3. Find Ways to Move
I am a firm believer in starting small. There are too many people that try and achieve big resolutions by changing too many things too soon. So instead of promising yourself you’ll go to the gym every day or run a 10K by March, start by introducing small amounts of exercise into your daily routine. You don’t have to buy a bunch of new equipment or try out the latest and greatest fitness trend – you just need to start moving. Park extra far from the building at work to get more steps in, do a quick circuit routine right before you take a shower each morning, or get a group together to play some disc golf on weekends – anything helps.
Getting healthy is a process and you can always do little things to help build up your health. Don’t be hard on yourself if you can’t accomplish your resolutions. Change doesn’t happen overnight and I think we need to stop pressuring ourselves to make big, lasting changes on New Year’s Day. Build up to the 5K or going to the gym. You’re more likely to stick to small, easily manageable goals – so get moving.
4. Read Nutrition Labels
One major resolution I see a lot is the desire to immediately change eating habits. This can be a great long-term goal as two-thirds of Americans are overweight or obese. However, throwing out all your old junk food and replacing it immediately with kale chips is a good way to set yourself up for failure. Instead, an easy habit to get into is reading nutrition labels. Don’t expect to change overnight, but simply by reading labels and learning what is actually in your food, you’re making huge strides toward healthy eating.
Being a mindful consumer can help you make smarter choices with the foods you already eat, instead of trying to force yourself into a whole new diet. By doing this one small habit, you’re helping educate yourself and can choose options that have less sugar and more real ingredients. From there, you can change your food habits even more, but slow and steady wins the race.
If you don’t know where to start and food labels seem confusing, check out this article on decoding nutrition labels from the Dietitians of Canada.
5. Find Time to Do What You Love
It’s easy to get bogged down by resolutions and all the things you want to change in your life, but the New Year isn’t supposed to be a time of stress and anxiety. While being healthier or reading more or being more outgoing might be your resolutions – don’t let them cause you distress or take over your life.
It’s important to carve out time for yourself and do what you love, no matter what it is. If you love reading in the bathtub, or knitting, or even just relaxing in front of the TV – make time for that. Even if what you love goes against your resolutions, you should incorporate it into your life anyway.

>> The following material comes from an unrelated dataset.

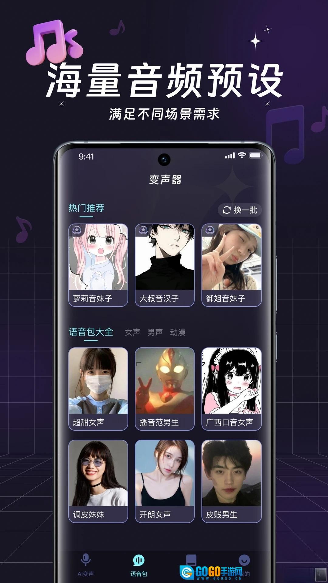 热门预设一键用:“吃鸡萌妹”“大叔卖萌”“动漫角色”等20+高频使用场景的音频预设,用户无需调试参数,点击即可使用,快速融入游戏或聊天氛围。
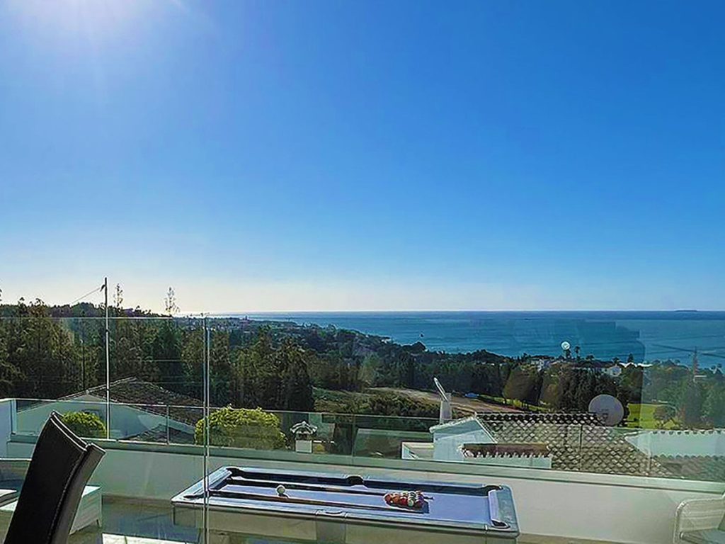 Un suave conjunto de escaleras proporciona acceso desde la puerta principal hasta la parte frontal de la casa, donde, a nivel del suelo, encontramos el primer apartamento. Una cómoda sala de estar con balcón conduce a una cocina totalmente equipada, dos dormitorios de buen tamaño y un baño. En el exterior, un segundo conjunto de escalones a la izquierda de la propiedad nos lleva a la piscina climatizada, enclavada en un rincón privado de la parcela y con vistas al mar en la distancia. Más allá de la piscina y las jardineras, llegamos a la parte trasera de la casa y la entrada al segundo apartamento. El vestíbulo nos da la bienvenida a una atractiva área de estar abierta con comedor a la derecha, una cocina con área de lavandería independiente a la izquierda y un salón espacioso y luminoso con un balcón estilo Julieta y una chimenea enfrente. El salón también se abre a una amplia terraza cubierta con vistas a los pinares, al campo de golf y al mar. En el lado opuesto, pasando por el comedor, encontramos 3 dormitorios dobles y 2 baños, uno de ellos en suite. A la derecha de la parcela hay una zona de relax con barbacoa, espacio para sentarse y entretenimiento en dos niveles. Un pequeño trastero, un estacionamiento cubierto y varios espacios de estacionamiento al aire libre completan la oferta.

Life’s too short not to do what you love. Your mental health is just important as your physical health, and by doing the activities that you love to do, you’re giving yourself that mental self-care.
Last Word on New Year’s Habits:
New Year’s Resolutions often fail and one of the main reasons for that is because people try and change too much too soon. It’s easy to tell yourself that come January you’ll change your diet, work out every day and practice meditation, but it’s simply not realistic. If you try and take on too many goals at once, you’re setting yourself up for failure. Instead, make a list of big goals, but break them down into smaller, more attainable habits that you can do every day. Getting healthier and sticking with it is a marathon, not a sprint, so treat it that way.

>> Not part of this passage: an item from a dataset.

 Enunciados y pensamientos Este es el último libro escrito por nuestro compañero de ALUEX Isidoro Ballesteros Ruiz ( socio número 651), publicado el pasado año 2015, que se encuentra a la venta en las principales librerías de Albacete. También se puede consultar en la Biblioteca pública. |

These habits are small and hopefully achievable for everyone that wants to use them. However, don’t feel bad about not sticking with something or not being able to commit fully. We are all too hard on ourselves and put so much pressure to do better on New Year’s. Just remember that while New Year’s is a great time to reflect and try some new things, you can add habits and make goals any time of the year. These won’t happen overnight, and it may take months or years to establish life-long habits, so give yourself a break and enjoy life.